→ **Task directions**:
Copy out the full data exactly as given; pictures should not be included.

→ **Collected data**:
=== Begin Enclosure ===
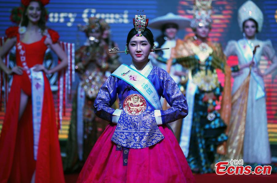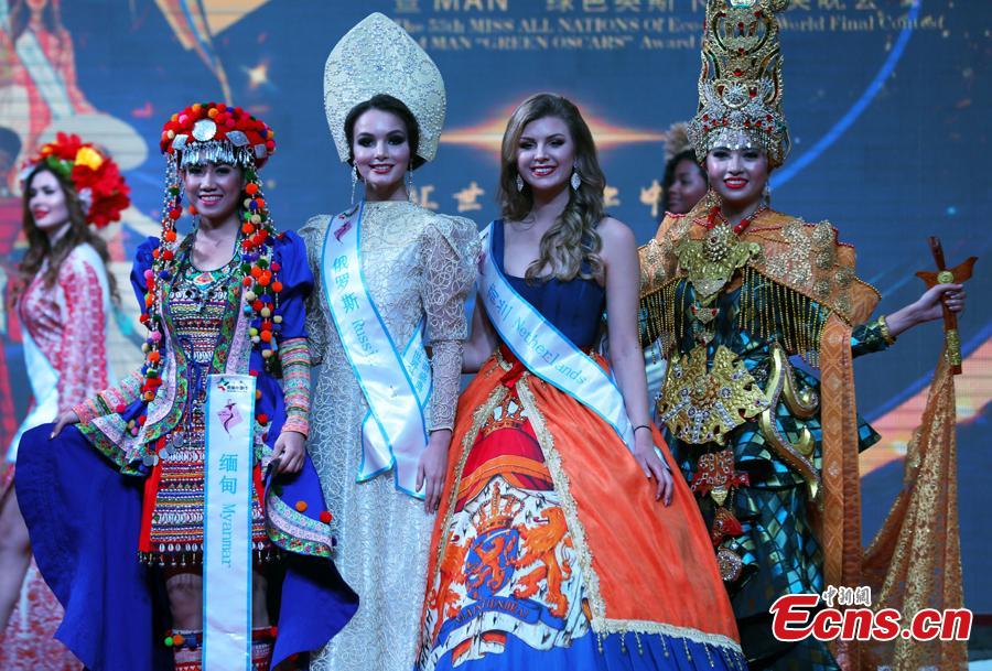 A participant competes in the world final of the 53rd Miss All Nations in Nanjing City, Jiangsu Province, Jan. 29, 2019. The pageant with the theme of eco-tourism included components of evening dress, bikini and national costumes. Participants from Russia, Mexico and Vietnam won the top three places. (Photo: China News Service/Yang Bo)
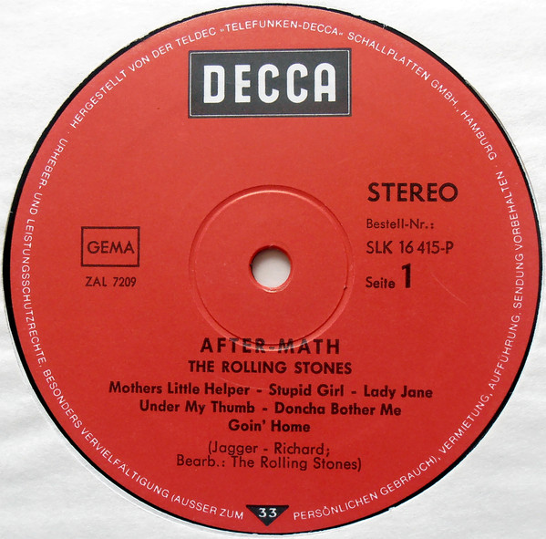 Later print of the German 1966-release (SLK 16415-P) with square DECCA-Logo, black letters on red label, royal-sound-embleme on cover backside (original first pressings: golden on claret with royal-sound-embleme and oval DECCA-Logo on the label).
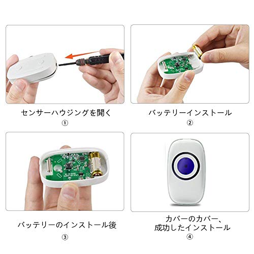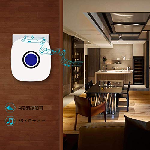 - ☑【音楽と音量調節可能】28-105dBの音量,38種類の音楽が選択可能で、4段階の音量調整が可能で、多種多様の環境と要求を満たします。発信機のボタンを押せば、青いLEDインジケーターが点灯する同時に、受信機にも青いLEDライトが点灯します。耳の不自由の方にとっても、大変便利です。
=== End Enclosure ===
→ **Your solution**:
 A participant competes in the world final of the 53rd Miss All Nations in Nanjing City, Jiangsu Province, Jan. 29, 2019. The pageant with the theme of eco-tourism included components of evening dress, bikini and national costumes. Participants from Russia, Mexico and Vietnam won the top three places. (Photo: China News Service/Yang Bo)
 Later print of the German 1966-release (SLK 16415-P) with square DECCA-Logo, black letters on red label, royal-sound-embleme on cover backside (original first pressings: golden on claret with royal-sound-embleme and oval DECCA-Logo on the label).
 - ☑【音楽と音量調節可能】28-105dBの音量,38種類の音楽が選択可能で、4段階の音量調整が可能で、多種多様の環境と要求を満たします。発信機のボタンを押せば、青いLEDインジケーターが点灯する同時に、受信機にも青いLEDライトが点灯します。耳の不自由の方にとっても、大変便利です。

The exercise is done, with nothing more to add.